2. If i-1 is ‘)’, then if the character preceding longest valid parentheses ending at i-1, indexed at j, is ‘(‘, then it forms a valid parentheses. The length is that ending at i-1 plus 2 plus that ending at j-1.

class Solution:
    def longestValidParentheses(self, s):
        """
        :type s: str
        :rtype: int
        """
        if len(s) <= 1:
            return 0

        dp = [0] * len(s)

        for idx in range(1, len(s)):
            if s[idx] == ')':
                if s[idx - 1] == '(':
                    if idx >= 2:
                        dp[idx] = dp[idx - 2] + 2
                    else:
                        dp[idx] = 2
                else:
                    matching_idx = idx - 1 - dp[idx - 1]
                    if matching_idx >= 0 and s[matching_idx] == '(':
                        if matching_idx >= 1:
                            dp[idx] = dp[idx - 1] + 2 + dp[matching_idx - 1]
                        else:
                            dp[idx] = dp[idx - 1] + 2

        return max(dp)

Solution 2: Use a stack

Instead of finding every possible string and checking its validity, we can make use of stack while scanning the given string to check if the string scanned so far is valid, and also the length of the longest valid string. In order to do so, we start by pushing −1 onto the stack.
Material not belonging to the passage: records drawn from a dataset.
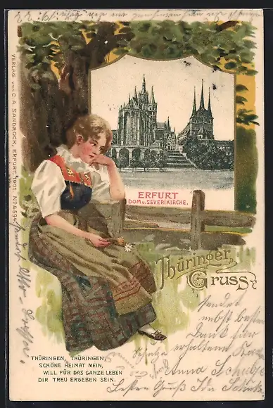 Passepartout-Lithographie Erfurt /Thüringen, Dom und Severikirche, Frau in Tracht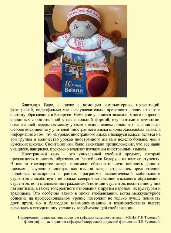 Международный образовательный проект «Академическая мобильность студентов» существует на кафедре немецкого языка и методики преподавания иностранных языков с 2004 года. Руководителем проекта является кандидат филологических наук, доцент Т.Н.Талецкая. За прошедшие годы стажировку в рамках этого проекта смогли пройти около 40 студентов и магистрантов. Главная цель проекта – совершенствование профессиональных компетенций будущих учителей немецкого языка – выпускников филологического факультета.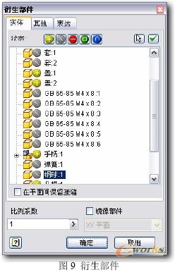 3. 这时会弹出“衍生部件”对话框。为了能更好的减少资源的消耗,可以在对话框中选择不需要带入到总装配的零件,参见图9。“确定”返回到模型环境。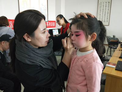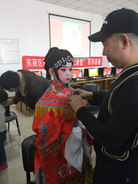 “梨园贺岁·百戏昇平”戏曲文化主题展是图书馆“网络书香过大年”系列活动之一,展览结合推广工程资源库群“中国戏曲文化知识库”内容,设计兼具文化性、知识性和互动性。家长和孩子们认真地跟随讲解老师走近戏曲图片展,如同探寻宝藏一般,开启了中国传统文化之旅。无妆不成戏,为了灵活立体地展现戏曲之美,图书馆特意请来专业化妆师,小朋友们在化妆师的精心装扮下,穿上戏服成功“穿越”开演,在镜头前有模有样,倍感欣喜。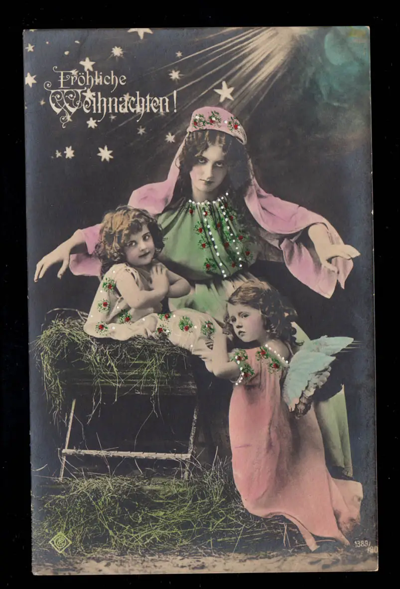 AK Noël: femme avec deux filles au jeu de crèche, colorée, marquée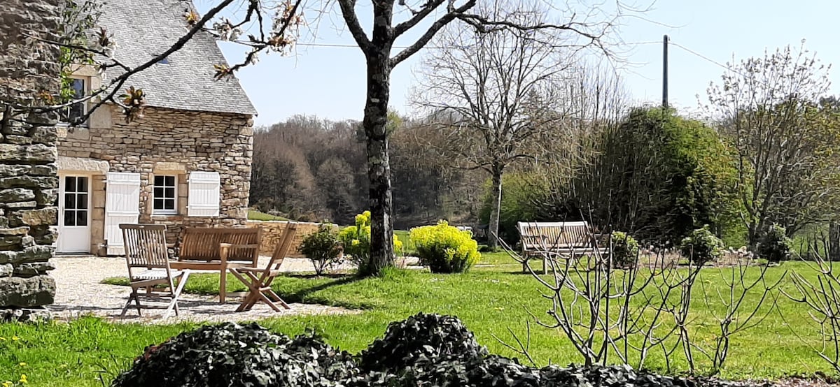 Maison en pierre dans hameau calme. Poutres et pierres apparentes. Cheminée avec insert 1 jardin intérieur clos et 1 petit jardin en face de la maison. Barbecue, salon de jardin et transats. Mise à disposition gratuite de : 2 kayaks + gilets pour naviguer sur le Blavet à 100 m, 2 vélos de ville. Logement fibré Livebox 1Gbit/s en réception et 700 Mbit/s en émission. Torchons, sacs poubelles et produits d'entretien. Filtres à café, sucre, épices, sel, huiles ... Aluminium...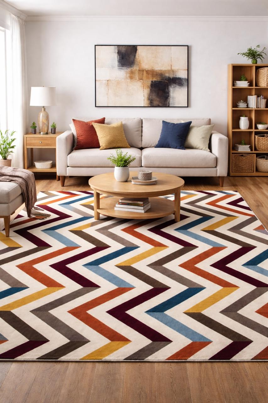 Add bold personality and modern artistry to your space with this hand-tufted loop pile rug, designed in a striking multicolor chevron (zigzag) pattern. Featuring a dynamic mix of warm and cool tones, this rug brings movement, depth, and a contemporary edge to any room.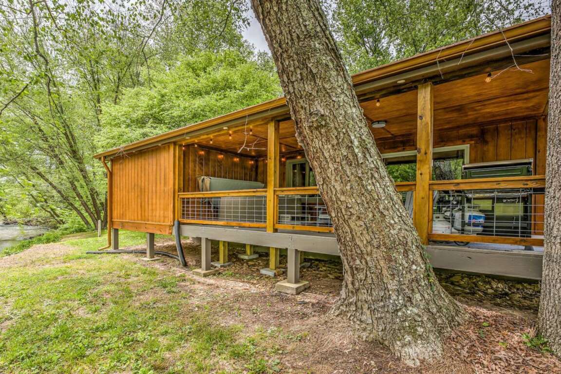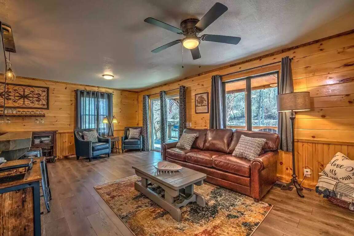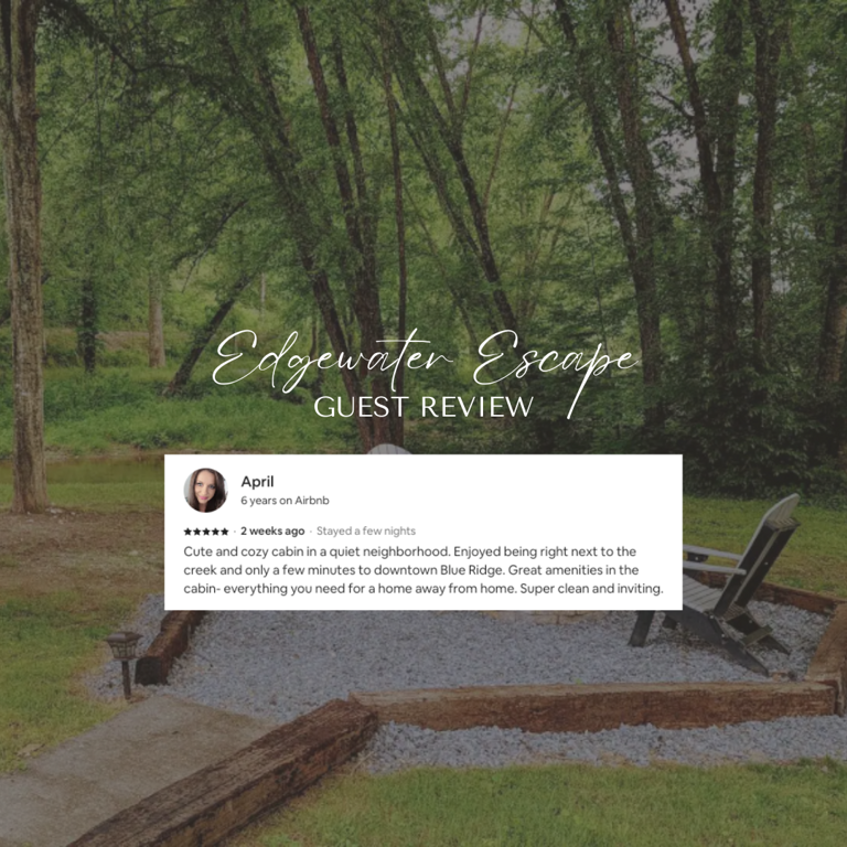 Dream of escaping to a place where the only thing that matters is making lasting memories? Look no further than Edgewater Escape. Our peaceful creek-front cabin offers 100ft stretch of waterfront for fishing, floating, and river wading - you'll love the serenity of Hemptown Creek! Take the Blue Ridge Train through the mountains and along winding rivers to nearby attractions. When you're back, curl up on the covered deck with a book, have s’mores over the fire pit, or soak in the private hot tub. Spend quality time together in the living area with an open floor plan and modern design. Cozy up on the leather sofa and stream Netflix, Amazon Prime, Hulu, Disney+, etc. on the Smart TV (we do not provide cable, you must log in to any streaming provider you wish to watch). An electric fireplace helps create that perfect cozy cabin vibe. The additional seating area is perfect for your morning coffee. Kitchen and Dining The well-appointed kitchen has new stainless-steel appliances, and all the pots, pans and dinnerware you might need if you choose to stay in and dine. The local grocery store is within a short driving distance to stock up on any necessities. To start your day off right, there is a duo coffee pot that can make a full pot or use individual Kurig pods – starter coffee is provided. There is not a dishwasher in the cabin, but we provide Dawn dish soap and basic cleaning supplies. Bed & Bath This home sleeps 4 guests in two bedrooms, each with a comfy king-size bed and smart TVs where you can log into any of your favorite streaming apps. The primary suite has a king bed and en-suite bath which is also where you’ll find the full-size washer and dryer (Tide pods are provided for your convenience). The second bedroom also features a king bed and is adjacent to the 2nd bathroom. Luxury spa towels, shampoo, conditioner & body wash are provided for your stay. Outdoor Area & Amenities Gather on the covered deck to rest in the shade overlooking Hemptown Creek, grill meals on the gas grill (propane provided), or soak in the views from your private hot tub. The hot tub is drained, sanitized, and refilled between guest reservations for your comfort and protection. Please be sure to only use the beach towels provided for use outside (creek or hot tub) so we can keep our white bath towels white. We’d also recommend making time for s'mores around the fire pit, and you can pick up a bundle of firewood at just about every grocery store on your way to the cabin, or right in downtown Mineral Bluff. Boasting 100 feet of Creekside property, we recommend taking a dip in the creek, tubing down to the Toccoa River, or casting a line for some of the best trout fishing in the area on the famed Hemptown creek. You'll need to bring your own fishing gear, canoe or tubes. Extra perks & more details High-speed Wi-Fi (150 Mbps), full-size washer and dryer, Adirondack chairs on the deck and around the firepit, all linens provided, including XL towels for the hot tub, extra plush and oversized bath towels, shampoo, conditioner, body wash and basic cleaning supplies. Smart home features include Nest thermostat to make your stay comfortable and smart lock on the front door. The property is equipped with exterior security cameras for your safety as well as to protect the property. One camera on the front of the house faces the front porch with views towards the driveway and the second camera is on the back of the house pointed at the creek so we can monitor for any flooding or water issues from the creek. There are no cameras inside the cabin Distance to Local Attractions - Lake Blue Ridge Marina: 5 miles | 10 minutes - Downtown Blue Ridge: 6.6 miles | 12 minutes - Serenberry Vineyards: 9 miles | 16 minutes - Copperhill, TN: 9 miles | 14 minutes - Blairsville: 21 miles | 24 minutes - Ellijay: 22 miles | 29 minutes Edgewater Escape is equipped with a smart lock that allows for contactless check in and check out without you having to keep up with keys. Your access code will be unique to you and provided on the day of check in. When you arrive, all roads are paved until you reach the gravel driveway, but it is flat and should be easy to navigate in any vehicle. There is plenty of parking right in front of the cabin, with additional space just a few feet up the driveway. Please be sure to keep all vehicles on the gravel-paved path. You will have full access to all amenities on the property. The only areas where guests are not allowed are the outdoor storage shed, locked owners’ cabinet/closet, and the crawl space under the house. Feel free to message us anytime. We will also provide contact numbers at check-in just in case a call is needed. If we don't answer leave a message and we will call right back. Mineral Bluff is a charming town located in the northern part of Georgia, known for its scenic beauty and outdoor recreational opportunities. The town is surrounded by rolling hills and valleys, with the Chattahoochee National Forest offering hiking trails, fishing spots, and other outdoor activities. Mineral Bluff has a rich history dating back to the early 1800s, when the area was first explored for its mineral resources. Today, the town is a popular tourist destination, attracting visitors who come to enjoy the peaceful atmosphere and natural beauty of the area. Overall, Mineral Bluff is a great place to visit or call home for those who love nature and a slower pace of life. When you arrive, all roads are paved until you reach the gravel driveway, but it is flat and should be easy to navigate in any vehicle. There is plenty of parking right in front of the cabin, with additional space just a few feet up the driveway. The property is equipped with exterior security cameras for your safety as well as to protect the property. One camera on the front of the house faces the front porch with views towards the driveway and the second camera is on the back of the house pointed at the creek so we can monitor for any floodi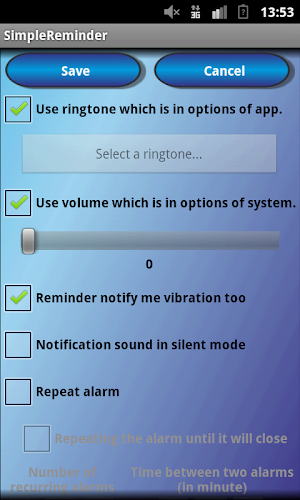 Poznámka je vysoce konfigurovatelná. S jednoduchým připomenutím můžete snadno nastavit varování, které se bude pravidelně opakovat. Všechna oznámení můžete nastavit další vlastnosti zvuku, vibrace, vibrace, vibrace, hlasitosti a opakování. Vyberte obrázky pro každý alarmy.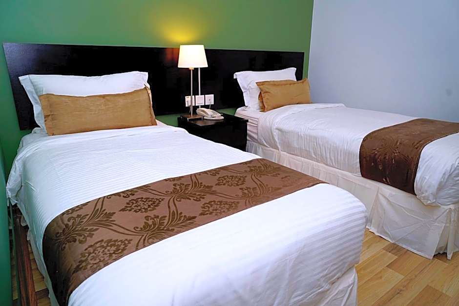 Alami Garden Hotel offers a variety of room types including Double, Twin, Family, and Apartments with different bed configurations such as Queen-size, Twin, and Sofa beds. The rooms range in size from 129 sqft for the Standard rooms to 1076 sqft for the Apartment with balcony. Smoking is not allowed in any of the rooms. Occupancy accommodates anywhere from 2 to 6 adults, plus 1 child depending on the room type.

For every ( encountered, we push its index onto the stack.

For every ) encountered, we pop the topmost element and subtract the current element’s index from the top element of the stack, which gives the length of the currently encountered valid string of parentheses. If while popping the element, the stack becomes empty, we push the current element’s index onto the stack. In this way, we keep on calculating the lengths of the valid substrings, and return the length of the longest valid string at the end.

class Solution:
    def longestValidParentheses(self, s):
        """
        :type s: str
        :rtype: int
        """
        if len(s) <= 1:
            return 0

        stack = list()
        stack.append(-1)
        max_len = 0

        for idx, c in enumerate(s):
            if c == '(':
                stack.append(idx)
            else:
                stack.pop()
                if len(stack) == 0:
                    stack.append(idx)
                length = idx - stack[-1]
                if length > max_len:
                    max_len = length

        return max_len